The Houthis called it al sarkha, or the scream. On the face of it, there is contempt for the West, but at its heart is an implicit rejection of United States-backed Arab dictators, whom they see as weak and treacherous. Ali Abdullah Saleh, Yemen’s longtime president, understood this and plotted to contain the Houthis, until he was driven from power in 2012 by the wave of Arab Spring revolutions. (The two former adversaries are now in an uneasy alliance.)
“We are the sons of the revolution,” said Muhammed al-Madari, leaning against an army truck. Mr. Madari, 21, was standing with a group of men patrolling a street lined with key government and commercial buildings in downtown Sana.
He wore a green camouflage jacket and brown camouflage pants, his head wrapped in a camel scarf with his jet-black hair peeping out from the front. He clutched a Chinese-made Kalashnikov rifle, which, in the current atmosphere of relative quiet, looked more like an accessory than a lethal weapon.
“We are Ansar Allah,” or Champions of God, he emphasized, invoking the newer and more popular name for the Houthi rebel movement.
For many in Yemen, the revolution brought a momentary sense of freedom.
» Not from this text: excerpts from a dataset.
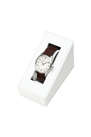 ベジタブルタンニン鞣しの革を用いた時計。ナチュラルな風合いを生かしたストラップは、使い込むほどに型崩れしにくく丈夫になり革が持つ自然な表情を楽しめる。
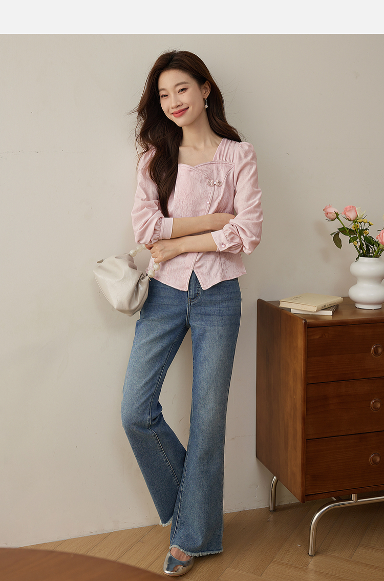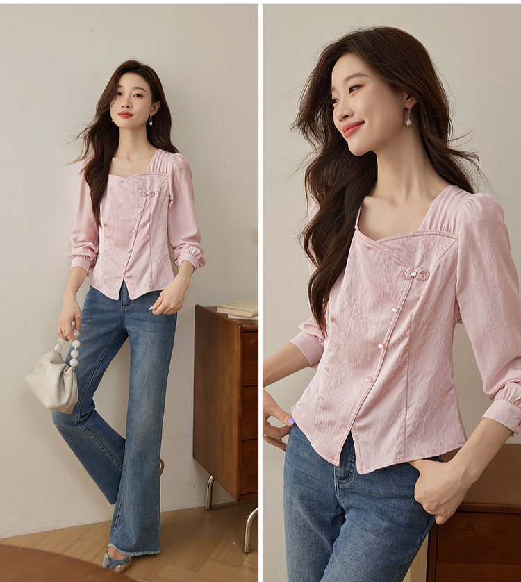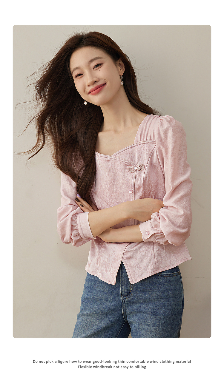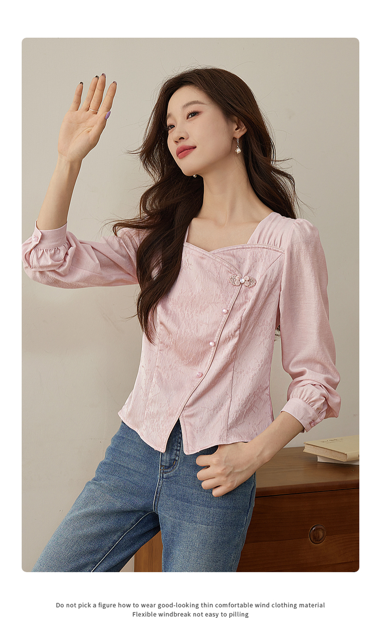 【年终特卖】熙世界《花笺》新中式提花衬衫女春2025新款国风长袖粉色方领上衣
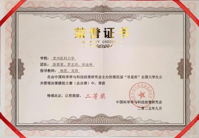 贵州医科大学师生在第四届“寻是杯”全国大学生公共管理决策模拟大赛中获全国二等奖
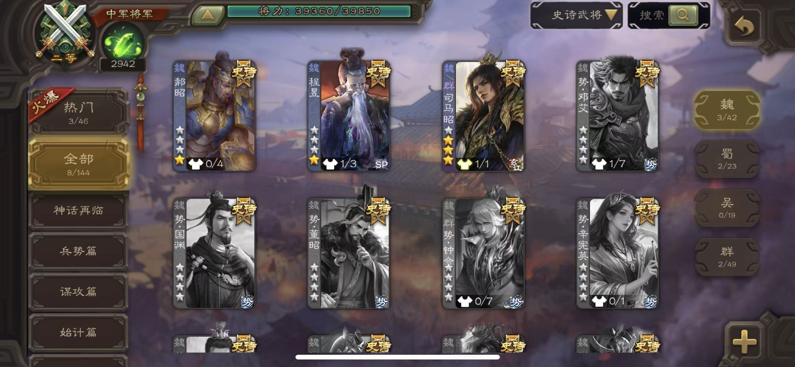 史诗武将数量:
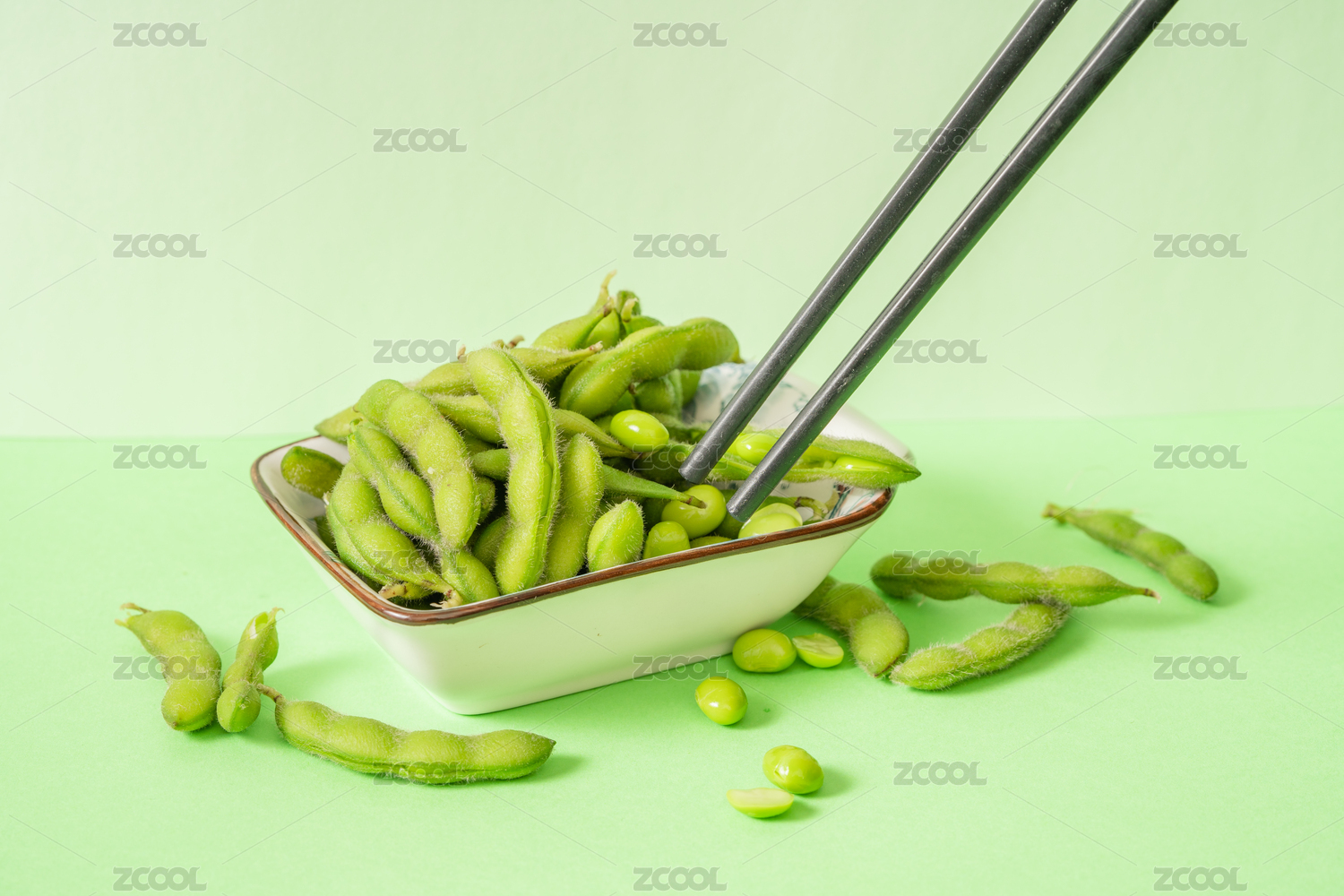 纯色背景下的中国传统特色下酒菜清煮毛豆

For the Houthis, it was the critical juncture where they say they transformed from an insurgent group with a grudge to a movement that is reaching out to, and now drawing more support or at least acceptance from, the country’s Sunni majority. It is also when they began referring to themselves as Ansar Allah, rather than Houthis, casting the movement in a new light.
“They used to call us the enemies of Allah,” said another member of Mr. Madari’s unit, who goes by the nom de guerre Abu Ali. He was sitting behind the steering wheel, chewing on khat leaves, a mild narcotic that induces a sense of euphoria. It was Friday afternoon, the first day of the Muslim weekend, and he had started to relax earlier than usual.
“But now more people have gotten to know us,” he said, turning to look at an 18-year-old man next to him in the passenger seat. He was more reclusive and refused to give his name, but he said he was raised in a village on the outskirts of Sana in an ultraconservative Salafi Sunni family that had recently come under the fold of Ansar Allah.
In a country where more than half the population lives on less than $2 a day, the group has extended its reach into more needy areas, building a safety net and slowly introducing people to its political principles and faith.
Abu Ali, who is a colonel in the armed forces, said he seized the army vehicle himself and was now using it to extract concessions from the state.
In September, the Houthis successfully pushed back against a government plan to reduce fuel subsidies, earning them added credibility.
“I swore allegiance to God, to the country and to the revolution, not to any specific leader,” he said. “The revolution started in 2011, but the real revolution is this one.”
As he made his rounds, Abu Raad stopped at a charming, but dilapidated building. The sign in front said it was a museum, long abandoned by the state, it appeared. The Houthis were using it as an office.
They placed a couple of concrete barricades, painted in their green color, in front of the entrance.
“We are going to give it back,” Abu Raad said. “Look, we never removed the sign. We want it to be a real museum.”